### WORK TO BE COMPLETED
Copy every line of the data exactly, keeping out any picture.

[Items listed in a dataset]
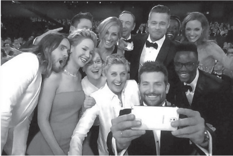
Знаменитое селфи голливудских звезд на церемонии вручения «Оскара».

Распространенность селфи относят также, в большой степени, как к современной и новой, очень модной молодежной субкультуре, степень увлеченности которой ассоциируется с психологическими особенностями респондентов (источник: http://www.libozersk.ru/pages/index/343?cont=1 ).
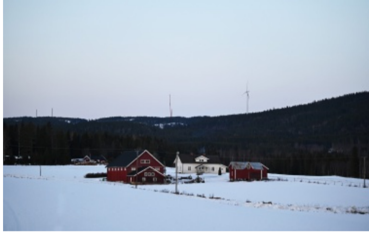
VINDMØLLER I SKOGBYGDGA: Flere av vindmøllene i Nord-Odal er godt synlige langs Sjølivegen i Skogbygda.
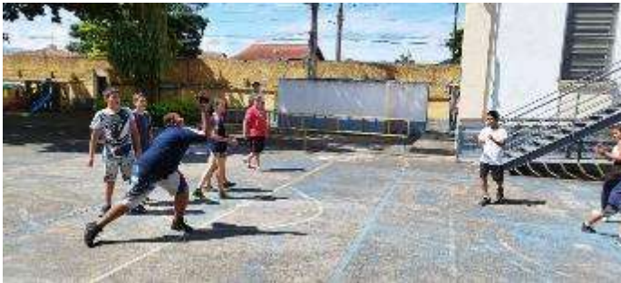
Esportes e Futebol
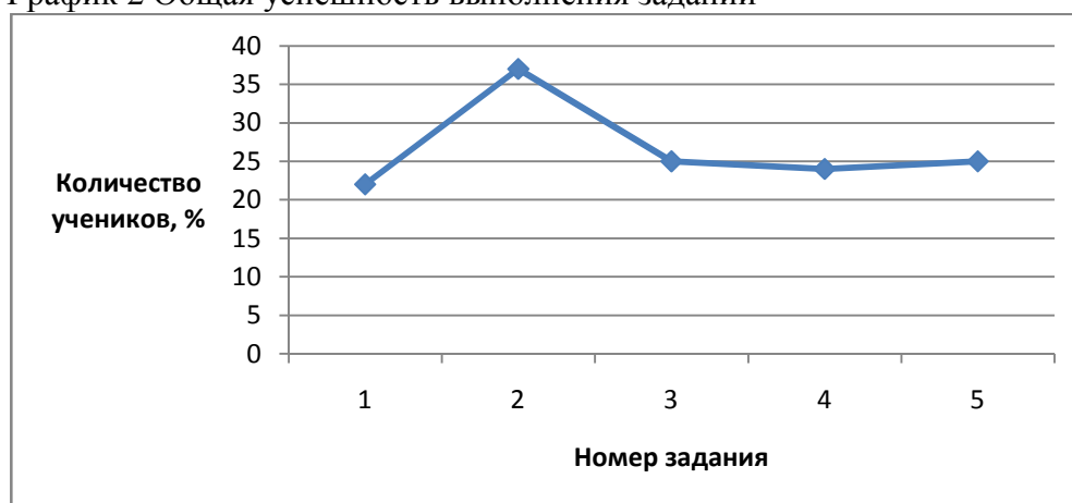
График 2 Общая успешность выполнения заданий

Согласно этим данным, можно заключить, что у учеников, участвующих в исследовании, в большей степени сформировано умение формулировать выводы (задания 2 и 3). Так же у четверти участников было выявлено умение находить аргументы и анализировать содержание текста. В меньшей степени у данных учеников сформировано умение интерпретировать и обобщать информацию.

### SOLVED PROBLEM
Знаменитое селфи голливудских звезд на церемонии вручения «Оскара».

Распространенность селфи относят также, в большой степени, как к современной и новой, очень модной молодежной субкультуре, степень увлеченности которой ассоциируется с психологическими особенностями респондентов (источник: http://www.libozersk.ru/pages/index/343?cont=1 ).
VINDMØLLER I SKOGBYGDGA: Flere av vindmøllene i Nord-Odal er godt synlige langs Sjølivegen i Skogbygda.
Esportes e Futebol
График 2 Общая успешность выполнения заданий

Согласно этим данным, можно заключить, что у учеников, участвующих в исследовании, в большей степени сформировано умение формулировать выводы (задания 2 и 3). Так же у четверти участников было выявлено умение находить аргументы и анализировать содержание текста. В меньшей степени у данных учеников сформировано умение интерпретировать и обобщать информацию.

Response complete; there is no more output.